[To do]:
From the line containing "1887 $1 MS63" through the last line of the listing, output each line exactly as it stands. Omit pictures.
━━━━━ Data section
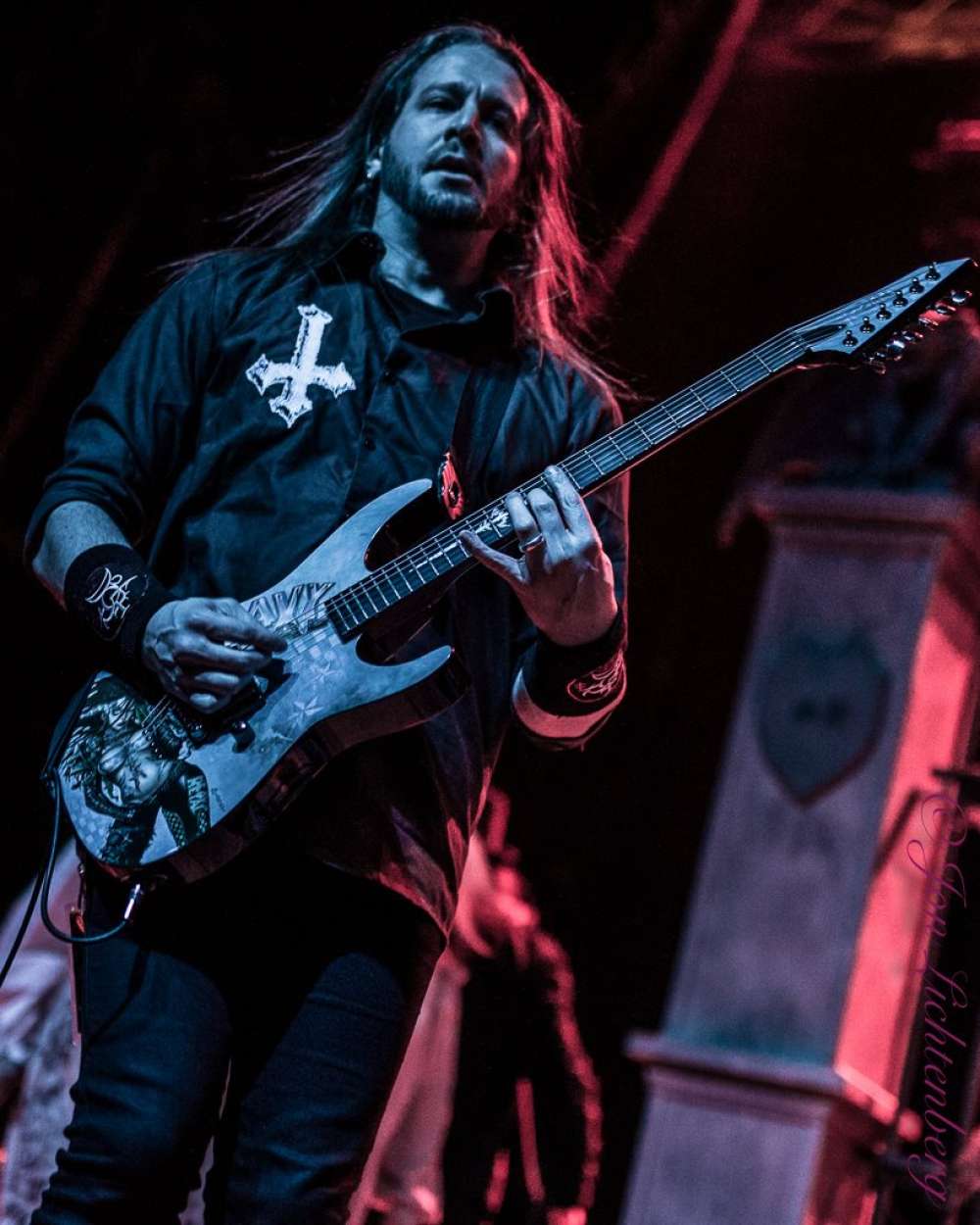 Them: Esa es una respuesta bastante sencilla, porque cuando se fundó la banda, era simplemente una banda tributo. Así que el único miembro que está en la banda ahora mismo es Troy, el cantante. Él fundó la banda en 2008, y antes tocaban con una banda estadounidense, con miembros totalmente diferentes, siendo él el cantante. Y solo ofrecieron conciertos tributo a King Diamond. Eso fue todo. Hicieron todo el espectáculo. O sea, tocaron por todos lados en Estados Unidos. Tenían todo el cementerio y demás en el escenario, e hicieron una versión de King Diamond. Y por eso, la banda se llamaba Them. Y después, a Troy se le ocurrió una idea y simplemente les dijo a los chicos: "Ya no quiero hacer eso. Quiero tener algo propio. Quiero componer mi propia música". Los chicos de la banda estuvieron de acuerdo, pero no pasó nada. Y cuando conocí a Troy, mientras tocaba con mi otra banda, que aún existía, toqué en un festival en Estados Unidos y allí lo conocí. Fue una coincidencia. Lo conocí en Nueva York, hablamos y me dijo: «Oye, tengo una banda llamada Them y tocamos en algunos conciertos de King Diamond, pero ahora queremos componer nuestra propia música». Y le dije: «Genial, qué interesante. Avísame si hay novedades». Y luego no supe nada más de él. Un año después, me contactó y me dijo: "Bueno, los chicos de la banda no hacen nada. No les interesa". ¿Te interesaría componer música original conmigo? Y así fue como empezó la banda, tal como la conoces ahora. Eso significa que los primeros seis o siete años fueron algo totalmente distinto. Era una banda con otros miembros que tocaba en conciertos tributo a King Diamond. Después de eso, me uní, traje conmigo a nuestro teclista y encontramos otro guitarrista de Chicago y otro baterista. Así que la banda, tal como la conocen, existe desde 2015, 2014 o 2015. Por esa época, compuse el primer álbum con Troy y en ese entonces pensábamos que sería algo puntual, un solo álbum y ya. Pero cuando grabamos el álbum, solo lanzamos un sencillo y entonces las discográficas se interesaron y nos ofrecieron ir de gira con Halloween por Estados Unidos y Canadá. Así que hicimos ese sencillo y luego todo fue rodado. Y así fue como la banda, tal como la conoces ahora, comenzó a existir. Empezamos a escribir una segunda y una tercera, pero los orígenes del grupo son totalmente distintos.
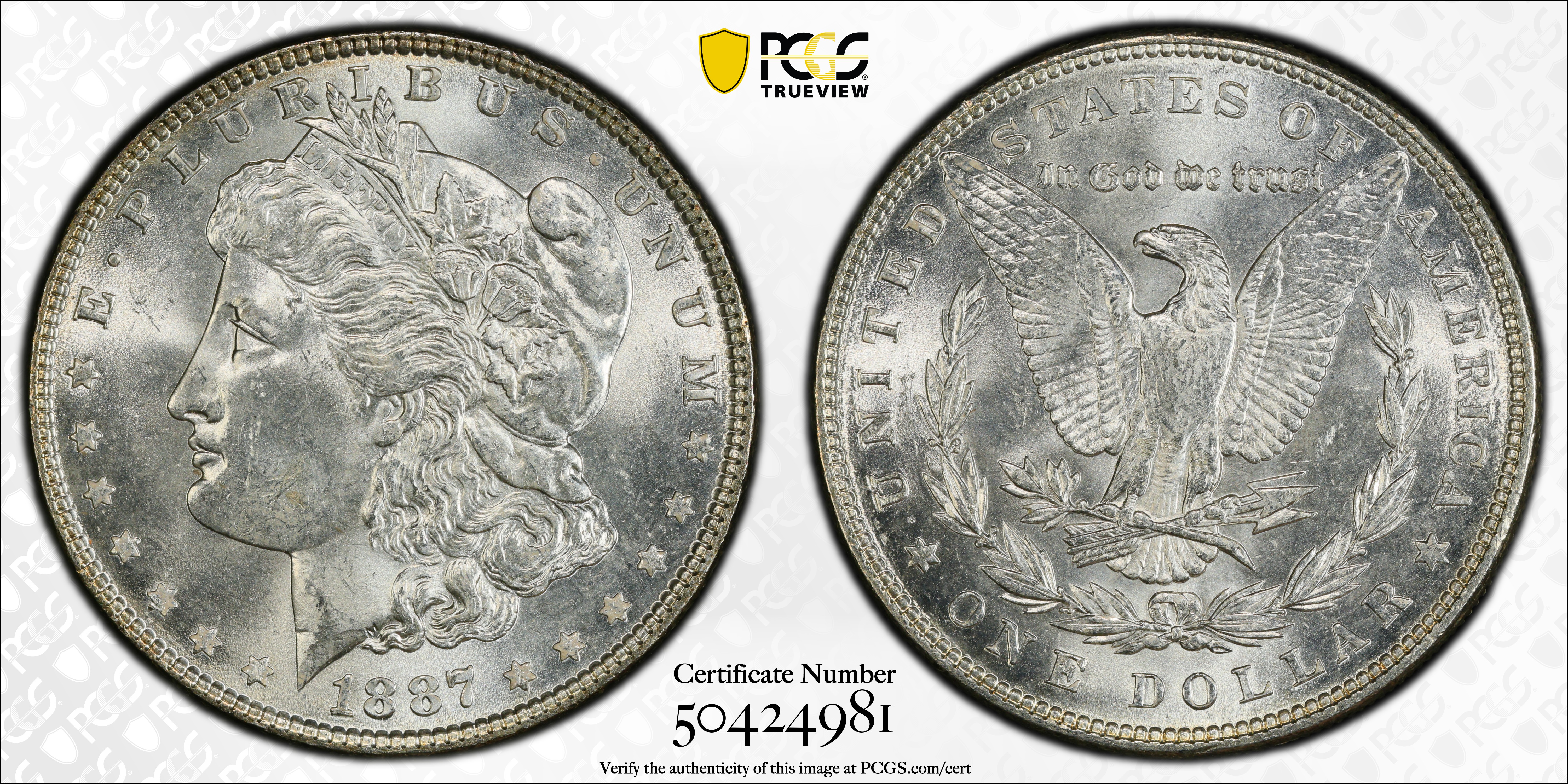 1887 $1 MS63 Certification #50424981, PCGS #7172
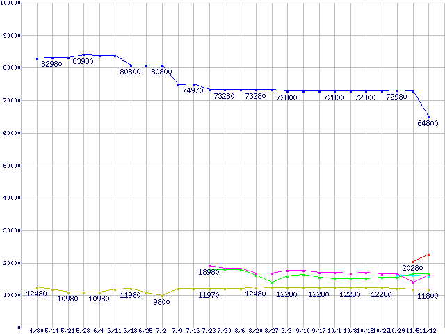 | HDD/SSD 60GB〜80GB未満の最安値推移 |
━━━━━━━━━━
[Output below]:
 1887 $1 MS63 Certification #50424981, PCGS #7172
 | HDD/SSD 60GB〜80GB未満の最安値推移 |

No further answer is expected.